TASK GOAL: Among the lines of data below, reproduce only those from the one with "2. Measure the" through the one with "Workflow 7.3. Engage", exactly as they stand, both ends included.

*** DATASET CONTENT Section Begins ***

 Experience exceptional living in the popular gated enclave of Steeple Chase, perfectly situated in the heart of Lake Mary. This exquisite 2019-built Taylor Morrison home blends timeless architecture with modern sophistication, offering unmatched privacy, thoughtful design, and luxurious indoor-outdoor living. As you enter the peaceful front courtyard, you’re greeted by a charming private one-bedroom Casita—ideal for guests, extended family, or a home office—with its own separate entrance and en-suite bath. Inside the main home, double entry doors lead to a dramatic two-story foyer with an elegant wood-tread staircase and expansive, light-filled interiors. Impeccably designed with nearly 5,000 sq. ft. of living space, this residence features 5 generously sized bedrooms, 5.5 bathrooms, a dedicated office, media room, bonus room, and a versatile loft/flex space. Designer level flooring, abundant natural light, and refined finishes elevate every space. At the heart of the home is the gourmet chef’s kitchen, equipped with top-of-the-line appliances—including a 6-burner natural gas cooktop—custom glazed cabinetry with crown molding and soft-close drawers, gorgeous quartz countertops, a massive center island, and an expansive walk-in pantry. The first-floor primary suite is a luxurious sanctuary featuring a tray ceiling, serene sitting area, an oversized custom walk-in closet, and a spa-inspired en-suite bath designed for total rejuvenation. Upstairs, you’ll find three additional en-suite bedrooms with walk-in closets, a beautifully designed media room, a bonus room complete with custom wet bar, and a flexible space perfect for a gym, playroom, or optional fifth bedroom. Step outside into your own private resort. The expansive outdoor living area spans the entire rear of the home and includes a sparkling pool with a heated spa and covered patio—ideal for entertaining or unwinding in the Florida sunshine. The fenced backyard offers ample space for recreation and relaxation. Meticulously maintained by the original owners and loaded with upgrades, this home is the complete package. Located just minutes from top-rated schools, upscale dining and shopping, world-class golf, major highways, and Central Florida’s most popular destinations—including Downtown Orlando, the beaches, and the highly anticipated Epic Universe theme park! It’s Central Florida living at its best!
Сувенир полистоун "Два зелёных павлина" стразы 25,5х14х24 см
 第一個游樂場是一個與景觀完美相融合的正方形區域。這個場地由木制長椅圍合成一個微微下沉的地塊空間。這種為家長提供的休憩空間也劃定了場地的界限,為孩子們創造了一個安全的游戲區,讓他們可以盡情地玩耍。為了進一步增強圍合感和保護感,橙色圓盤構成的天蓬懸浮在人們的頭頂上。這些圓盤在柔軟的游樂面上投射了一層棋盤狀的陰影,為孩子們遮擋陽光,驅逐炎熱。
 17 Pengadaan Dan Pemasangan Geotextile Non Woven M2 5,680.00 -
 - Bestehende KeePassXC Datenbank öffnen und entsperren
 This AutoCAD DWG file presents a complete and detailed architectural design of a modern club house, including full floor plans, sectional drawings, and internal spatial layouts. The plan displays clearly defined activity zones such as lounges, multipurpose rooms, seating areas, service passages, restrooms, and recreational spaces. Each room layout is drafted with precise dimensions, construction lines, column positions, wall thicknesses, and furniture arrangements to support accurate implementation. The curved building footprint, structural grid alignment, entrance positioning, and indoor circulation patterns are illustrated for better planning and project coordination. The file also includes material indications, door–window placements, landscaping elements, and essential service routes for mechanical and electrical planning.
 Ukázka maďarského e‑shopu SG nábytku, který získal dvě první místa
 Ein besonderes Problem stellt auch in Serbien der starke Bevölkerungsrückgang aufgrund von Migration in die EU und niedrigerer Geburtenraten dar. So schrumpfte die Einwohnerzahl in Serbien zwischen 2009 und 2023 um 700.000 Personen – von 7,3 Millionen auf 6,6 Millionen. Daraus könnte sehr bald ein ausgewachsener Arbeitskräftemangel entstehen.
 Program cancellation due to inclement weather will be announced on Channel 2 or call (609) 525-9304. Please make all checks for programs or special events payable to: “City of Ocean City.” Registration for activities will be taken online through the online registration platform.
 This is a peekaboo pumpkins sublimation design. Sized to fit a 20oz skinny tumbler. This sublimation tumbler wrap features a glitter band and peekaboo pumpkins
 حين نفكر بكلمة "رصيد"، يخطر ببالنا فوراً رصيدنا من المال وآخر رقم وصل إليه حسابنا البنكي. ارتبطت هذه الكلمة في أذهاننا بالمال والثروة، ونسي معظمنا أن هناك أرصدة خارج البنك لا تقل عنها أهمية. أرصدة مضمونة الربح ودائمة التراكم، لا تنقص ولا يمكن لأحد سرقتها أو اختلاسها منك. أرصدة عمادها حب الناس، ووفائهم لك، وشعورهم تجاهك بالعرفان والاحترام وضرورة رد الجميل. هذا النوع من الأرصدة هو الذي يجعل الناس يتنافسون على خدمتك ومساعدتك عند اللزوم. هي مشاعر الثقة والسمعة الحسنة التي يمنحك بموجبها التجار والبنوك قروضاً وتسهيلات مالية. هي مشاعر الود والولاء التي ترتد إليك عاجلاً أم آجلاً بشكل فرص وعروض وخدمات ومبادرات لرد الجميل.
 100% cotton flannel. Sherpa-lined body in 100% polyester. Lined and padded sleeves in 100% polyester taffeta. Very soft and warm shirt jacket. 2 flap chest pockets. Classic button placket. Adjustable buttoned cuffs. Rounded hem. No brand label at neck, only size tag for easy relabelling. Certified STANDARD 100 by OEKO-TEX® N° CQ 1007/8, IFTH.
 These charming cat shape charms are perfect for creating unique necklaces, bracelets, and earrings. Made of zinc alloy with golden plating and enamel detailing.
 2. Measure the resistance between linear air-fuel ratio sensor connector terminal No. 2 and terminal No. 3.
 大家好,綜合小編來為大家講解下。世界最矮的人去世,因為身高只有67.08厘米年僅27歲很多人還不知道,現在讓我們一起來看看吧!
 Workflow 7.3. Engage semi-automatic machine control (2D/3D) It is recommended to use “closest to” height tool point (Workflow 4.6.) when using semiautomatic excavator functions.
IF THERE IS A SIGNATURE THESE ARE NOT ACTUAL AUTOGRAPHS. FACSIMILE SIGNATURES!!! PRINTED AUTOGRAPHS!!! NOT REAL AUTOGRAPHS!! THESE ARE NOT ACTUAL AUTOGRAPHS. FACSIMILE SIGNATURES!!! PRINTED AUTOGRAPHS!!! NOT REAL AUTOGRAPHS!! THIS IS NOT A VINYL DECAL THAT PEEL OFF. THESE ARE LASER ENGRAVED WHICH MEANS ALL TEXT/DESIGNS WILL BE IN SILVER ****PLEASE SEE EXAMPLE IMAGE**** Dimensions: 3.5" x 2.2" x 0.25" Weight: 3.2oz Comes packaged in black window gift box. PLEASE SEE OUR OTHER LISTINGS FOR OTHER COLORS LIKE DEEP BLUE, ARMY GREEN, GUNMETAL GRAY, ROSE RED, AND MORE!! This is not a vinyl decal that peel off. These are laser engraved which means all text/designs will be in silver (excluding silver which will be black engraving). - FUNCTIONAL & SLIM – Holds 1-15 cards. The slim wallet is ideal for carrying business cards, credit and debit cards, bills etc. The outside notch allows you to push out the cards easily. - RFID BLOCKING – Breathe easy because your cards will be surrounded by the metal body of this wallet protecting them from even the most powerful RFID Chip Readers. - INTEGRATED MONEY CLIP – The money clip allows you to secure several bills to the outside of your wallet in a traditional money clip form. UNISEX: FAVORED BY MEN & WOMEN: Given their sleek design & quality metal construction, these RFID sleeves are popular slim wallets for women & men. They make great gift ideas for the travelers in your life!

*** DATASET CONTENT Section Ends ***

OUTPUT BELOW:
 2. Measure the resistance between linear air-fuel ratio sensor connector terminal No. 2 and terminal No. 3.
 大家好,綜合小編來為大家講解下。世界最矮的人去世,因為身高只有67.08厘米年僅27歲很多人還不知道,現在讓我們一起來看看吧!
 Workflow 7.3. Engage semi-automatic machine control (2D/3D) It is recommended to use “closest to” height tool point (Workflow 4.6.) when using semiautomatic excavator functions.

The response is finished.